#### Work instructions
Copy every record below exactly as it appears.

:: Data shown ::

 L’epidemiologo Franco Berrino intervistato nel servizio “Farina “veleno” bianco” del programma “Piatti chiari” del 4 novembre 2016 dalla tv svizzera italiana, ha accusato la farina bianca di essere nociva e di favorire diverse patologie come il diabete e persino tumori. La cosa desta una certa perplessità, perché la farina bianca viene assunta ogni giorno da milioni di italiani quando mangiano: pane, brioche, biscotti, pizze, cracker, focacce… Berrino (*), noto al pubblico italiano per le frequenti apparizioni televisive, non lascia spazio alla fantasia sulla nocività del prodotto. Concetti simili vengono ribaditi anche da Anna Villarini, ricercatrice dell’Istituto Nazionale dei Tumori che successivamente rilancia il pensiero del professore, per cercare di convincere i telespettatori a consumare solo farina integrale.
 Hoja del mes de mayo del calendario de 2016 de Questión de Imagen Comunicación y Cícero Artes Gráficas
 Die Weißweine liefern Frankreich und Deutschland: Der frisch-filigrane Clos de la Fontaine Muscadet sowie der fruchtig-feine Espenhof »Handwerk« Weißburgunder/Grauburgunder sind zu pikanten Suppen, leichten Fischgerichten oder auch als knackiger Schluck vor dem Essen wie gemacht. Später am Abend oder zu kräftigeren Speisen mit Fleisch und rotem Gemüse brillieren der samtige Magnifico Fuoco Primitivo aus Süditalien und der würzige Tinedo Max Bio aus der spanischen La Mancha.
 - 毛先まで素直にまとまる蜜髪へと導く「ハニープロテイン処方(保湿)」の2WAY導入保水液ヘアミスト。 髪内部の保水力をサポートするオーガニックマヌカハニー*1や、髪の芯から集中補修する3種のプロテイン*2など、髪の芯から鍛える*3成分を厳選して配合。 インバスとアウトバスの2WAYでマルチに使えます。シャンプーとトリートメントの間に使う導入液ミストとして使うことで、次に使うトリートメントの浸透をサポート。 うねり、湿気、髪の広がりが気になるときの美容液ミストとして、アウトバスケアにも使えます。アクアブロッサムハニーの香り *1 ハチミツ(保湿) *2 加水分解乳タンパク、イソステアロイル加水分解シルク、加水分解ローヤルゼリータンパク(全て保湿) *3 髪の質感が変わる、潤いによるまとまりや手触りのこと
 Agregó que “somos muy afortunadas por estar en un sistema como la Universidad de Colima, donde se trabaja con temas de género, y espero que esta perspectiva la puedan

:::

#### Written solution
 L’epidemiologo Franco Berrino intervistato nel servizio “Farina “veleno” bianco” del programma “Piatti chiari” del 4 novembre 2016 dalla tv svizzera italiana, ha accusato la farina bianca di essere nociva e di favorire diverse patologie come il diabete e persino tumori. La cosa desta una certa perplessità, perché la farina bianca viene assunta ogni giorno da milioni di italiani quando mangiano: pane, brioche, biscotti, pizze, cracker, focacce… Berrino (*), noto al pubblico italiano per le frequenti apparizioni televisive, non lascia spazio alla fantasia sulla nocività del prodotto. Concetti simili vengono ribaditi anche da Anna Villarini, ricercatrice dell’Istituto Nazionale dei Tumori che successivamente rilancia il pensiero del professore, per cercare di convincere i telespettatori a consumare solo farina integrale.
 Hoja del mes de mayo del calendario de 2016 de Questión de Imagen Comunicación y Cícero Artes Gráficas
 Die Weißweine liefern Frankreich und Deutschland: Der frisch-filigrane Clos de la Fontaine Muscadet sowie der fruchtig-feine Espenhof »Handwerk« Weißburgunder/Grauburgunder sind zu pikanten Suppen, leichten Fischgerichten oder auch als knackiger Schluck vor dem Essen wie gemacht. Später am Abend oder zu kräftigeren Speisen mit Fleisch und rotem Gemüse brillieren der samtige Magnifico Fuoco Primitivo aus Süditalien und der würzige Tinedo Max Bio aus der spanischen La Mancha.
 - 毛先まで素直にまとまる蜜髪へと導く「ハニープロテイン処方(保湿)」の2WAY導入保水液ヘアミスト。 髪内部の保水力をサポートするオーガニックマヌカハニー*1や、髪の芯から集中補修する3種のプロテイン*2など、髪の芯から鍛える*3成分を厳選して配合。 インバスとアウトバスの2WAYでマルチに使えます。シャンプーとトリートメントの間に使う導入液ミストとして使うことで、次に使うトリートメントの浸透をサポート。 うねり、湿気、髪の広がりが気になるときの美容液ミストとして、アウトバスケアにも使えます。アクアブロッサムハニーの香り *1 ハチミツ(保湿) *2 加水分解乳タンパク、イソステアロイル加水分解シルク、加水分解ローヤルゼリータンパク(全て保湿) *3 髪の質感が変わる、潤いによるまとまりや手触りのこと
 Agregó que “somos muy afortunadas por estar en un sistema como la Universidad de Colima, donde se trabaja con temas de género, y espero que esta perspectiva la puedan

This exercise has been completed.